I am not qualified to speak for Austrian Economics, but here you go in brief for free market economics generally:

All transactions in a free market are voluntary. That is, both parties to the transaction must gain something, or else they wouldn't participate at all. Austrian economics, and other free market schools of thought, wish to protect the liberty of each individual to make such transactions because that allows society to better organize itself, more efficiently, than if resources were distributed by the government.
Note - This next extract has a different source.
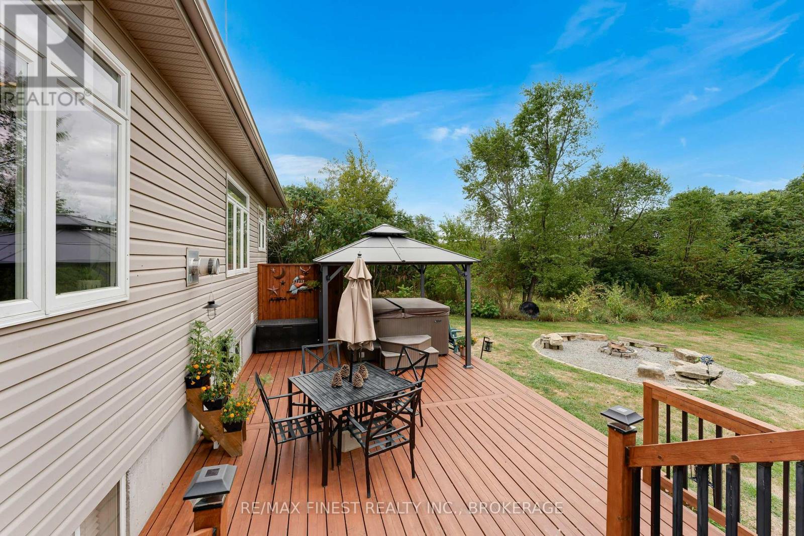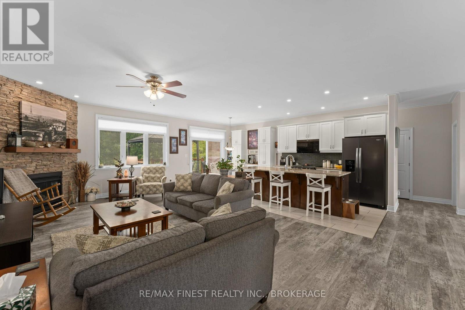 WOW!!! This absolutely loaded 4 Bed 3 Bath 2 Kitchen custom built bungalow with apx 3000 SQ' of finished living space on 3acres with walking/ ATV trails, gardens and a pond, just 10 minutes from the 401, features a gorgeous open concept design on the main floor with a large and bright custom kitchen with granite countertops and brand new high end stainless steel appliances flowing to the living room with gas fireplace and back deck with gazebo overlooking the pool and quiet green space, 3 spacious bedrooms including a huge primary bedroom with luxury ensuite and walk in closet. The lower level offers an incredible fully loaded IN-LAW SUITE with full height ceilings, a second large custom kitchen, pot lights, a ground level walkout to a private covered patio and side yard. Not to mention a loft in the fully insulated and heated garage, a Cummins generator, 2 firepits, 2gazeb (id:64974)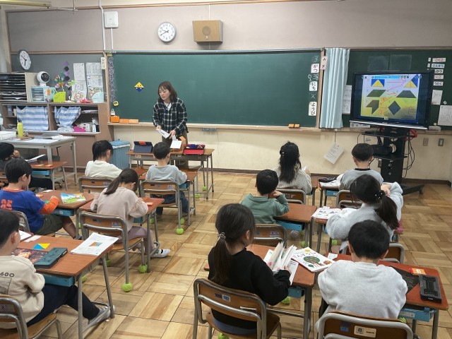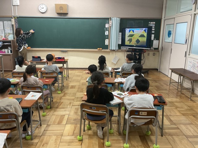 今日の算数の時間は、みんなが楽しみにしていた「かたちづくり」の学習を行いました。 使うのは、色とりどりの三角形や四角形の「色板(いろいた)」です。

There are only two real alternatives when it comes to the distribution of our scarce resources (chiefly capital and labor):

1. The government chooses how to distribute the resources
or
2. The market freely allocates those resources according to how consumers and producers interact

In the first model, an all-powerful central government takes, by force, the product of labor of the people (that is, their wealth) and then chooses how to distribute that wealth among the citizens. *This is trickle-down, more than anything else in the world.*

The second model presupposes that people should be free to act upon their own will when it comes to how resources are used and invested, and as a result, wealth is created by individuals interacting voluntarily. The unit of production is fundamentally the individual. *That is trickle-up.*

But realistically, "trickle-down" and "trickle-up" do not exist, because people voluntarily band together into organized entities to improve their production capacity, which can make them a bigger player in the marketplace (i.e., a corporation). But on a basic level, the individual still exists as the base unit: a corporation is composed of individuals participating voluntarily of their time, labor, and skills. The consumer who purchases that corporation's product or service must feel that they benefit more by buying it than if they did not have it; or alternatively, you could say that the amount of wealth represented by price X of the product is of less utility to them than owning the product or buying the service. No corporation or individual can become rich in _a free market_ without benefitting a bunch of people by providing some service or product to them. A corporation that extorts, commits fraud, or uses government to gain an advantage is not operating by the rules of a free market. It is using government to its own ends. See "Occupy Wall Street."

The basic concept here is this: the fundamental unit of the market is a participating individual, engaging in voluntary transactions.

The fundamental unit of everything that would restrict the market is government, which forces its will upon individuals and engages in coercion, not voluntary action.

----------